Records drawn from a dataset

------------------------

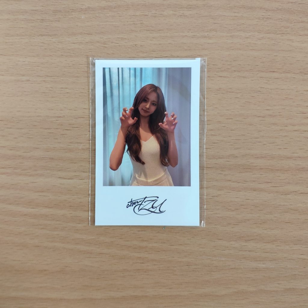 TZUYU abouTZU (Platform_Nemo Ver.) JYP Shop POB POLAROID PHOTOCARD TYPE A – dodatek od JYP Shop dodawany w preorderze do zakupu albumu TZUYU abouTZU (Platform_Nemo Ver.). Kupujesz 1szt. polaroid photocard w prezentowanym na zdjęciu wzorze.
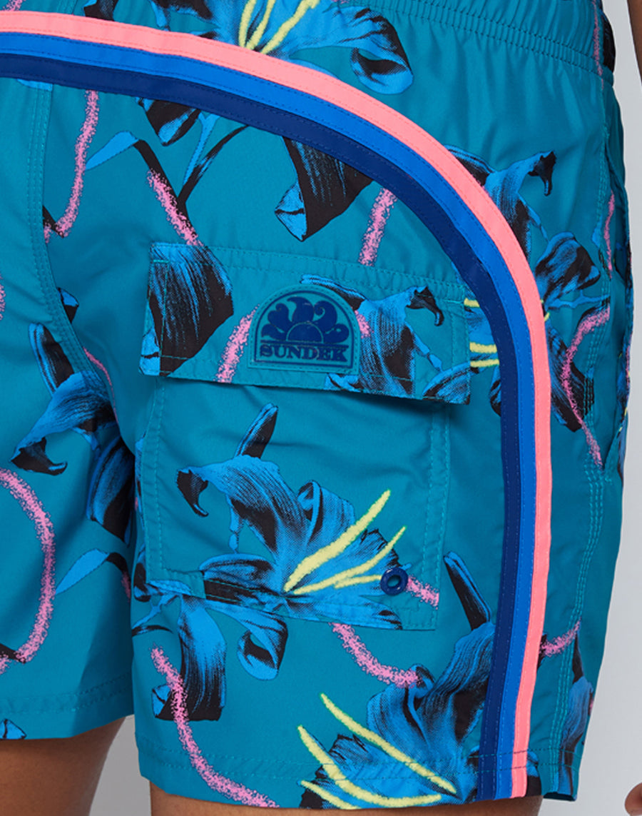With green fabric, a flower-inspired design and the iconic Sundek rainbow on the back, this swimsuit is a beach must-have: thanks to its recycled REPREVE® fabric, made from plastic bottles, it is lightweight, durable and dries quickly.
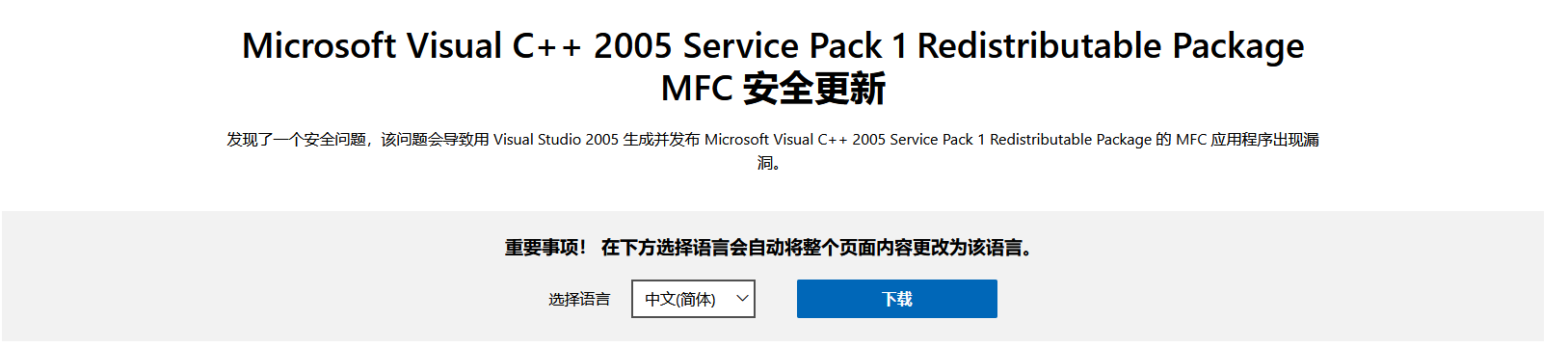 访问微软官方下载中心,搜索“Visual C++ 2005 Redistributable”。
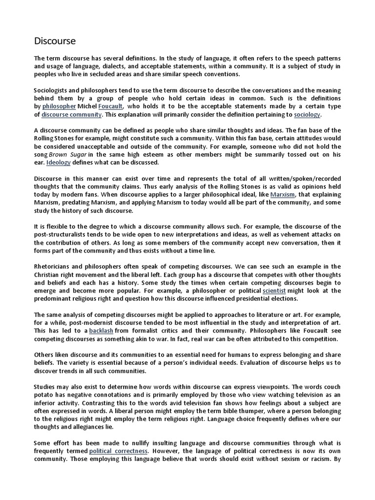 of discourse community. This explanation will primarily consider the definition pertaining to sociology.
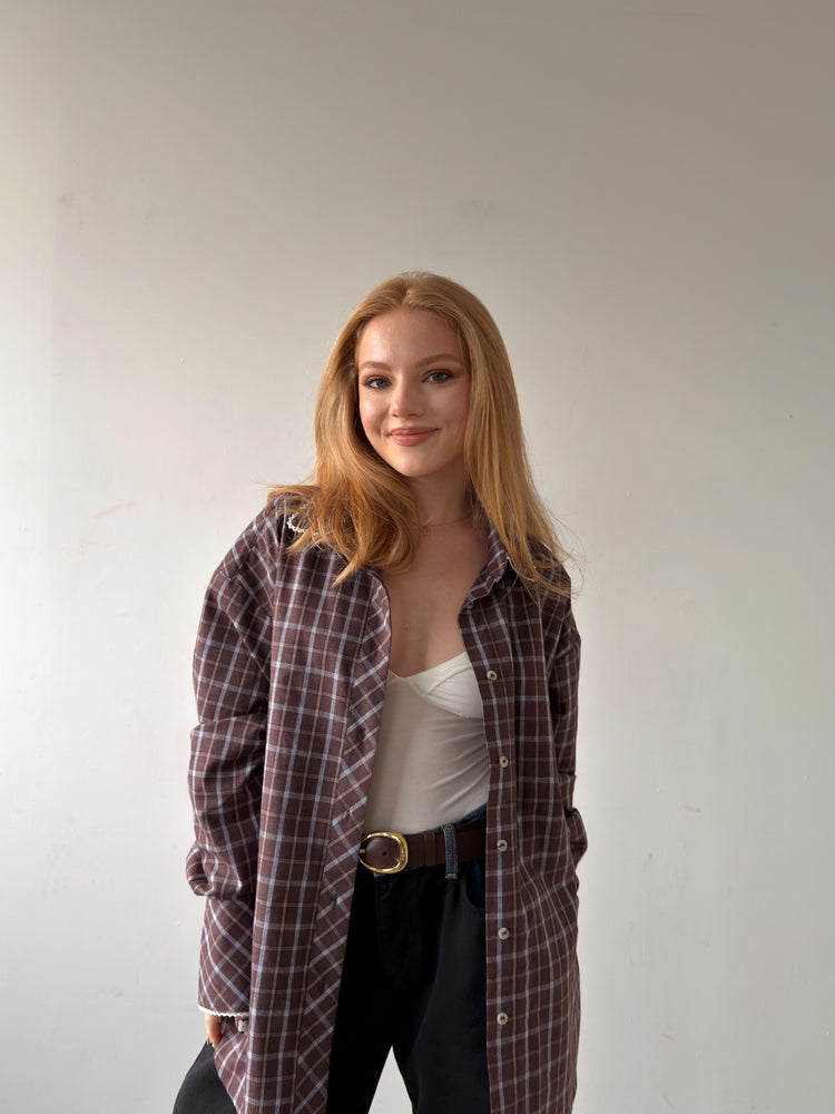 This plaid shirt is made from 100% cotton and finished with lace detailing on the collar and cuffs. Lightweight, soft against the skin, and comfortable for everyday wear, it combines a classic cut with delicate accents to create a restrained yet expressive look.

------------------------

• How to complete this task: Pictures are to be left out while the lines from the beginning of the records through the line with "of discourse community." are copied word for word.

• Answer to this exercise:
 TZUYU abouTZU (Platform_Nemo Ver.) JYP Shop POB POLAROID PHOTOCARD TYPE A – dodatek od JYP Shop dodawany w preorderze do zakupu albumu TZUYU abouTZU (Platform_Nemo Ver.). Kupujesz 1szt. polaroid photocard w prezentowanym na zdjęciu wzorze.
With green fabric, a flower-inspired design and the iconic Sundek rainbow on the back, this swimsuit is a beach must-have: thanks to its recycled REPREVE® fabric, made from plastic bottles, it is lightweight, durable and dries quickly.
 访问微软官方下载中心,搜索“Visual C++ 2005 Redistributable”。
 of discourse community. This explanation will primarily consider the definition pertaining to sociology.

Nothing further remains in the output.